F1: África a curto prazo, Alemanha a longo prazo e reforço em mercados já explorados
O regresso a África é já um desejo antigo da F1 que, de há algumas épocas para cá, tem sido mais falado e discutido. A F1 não visita o continente desde 1993 (o GP da África do Sul desse ano), e as tentativas recentes para regressar têm produzido conversações com potenciais anfitriões na África do Sul e no Ruanda.
Stefano Domenicali afirmou que esta continua a ser uma região prioritária para a F1, ao mesmo tempo que a organização continua a avaliar manifestações de interesse de outros continentes. O responsável declarou: “As negociações estão a progredir muito bem em África”. Domenicali revelou ainda que existem outras conversações em curso na América do Sul e no Extremo Oriente, além de mais pedidos vindos da China e do Japão. No entanto, no caso chinês, explicou que a F1 prefere, para já, manter apenas uma corrida no país.
Segundo Domenicali, o crescimento da F1 não se aplica apenas a mercados mais recentes, uma vez que as negociações sobre direitos televisivos na Europa demonstram também o interesse de países que perderam corridas nos últimos anos. Usando os exemplos da Alemanha e da França, o responsável explicou que a relação com a Canal+ está a correr bem: “A relação com a Canal+ é fantástica. Não temos Grande Prémio em França, não porque não queiramos, mas… o meu telefone está sempre disponível para termos uma corrida em França, e se eles quiserem fazê-la, estamos aqui.” Acrescentou que a emissora francesa está de facto interessada em prolongar o acordo, já que “os números são realmente bons e o desporto está mesmo num grande momento.”
Quanto à Alemanha, Domenicali afirmou que, pela primeira vez, a F1 está a retomar contacto com os responsáveis de Hockenheim para avaliar se, no futuro — a longo prazo, não a curto prazo —, o circuito poderá voltar a receber uma corrida.
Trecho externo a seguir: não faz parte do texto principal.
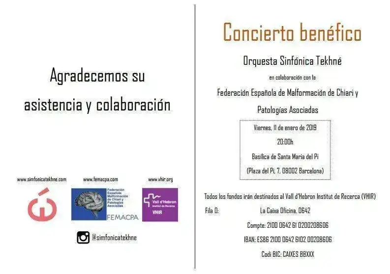 La recaudación del evento, será donada a la unidad de investigación del hospital universitario valle Hebrón, (VHIR – UNNIN) donde se investiga dicha malformación.

O responsável destacou também a evolução comercial no mercado alemão: “Com o acordo que temos com a RTL, os números estão a ficar diferentes, e no novo concurso no mercado alemão, vamos ter, pela primeira vez, mais do que um operador interessado em fazer parte deste concurso.” Para Domenicali, isso constitui “mais um sinal de que, na Europa, que é um mercado muito importante para nós, a atenção está a ficar ainda maior.”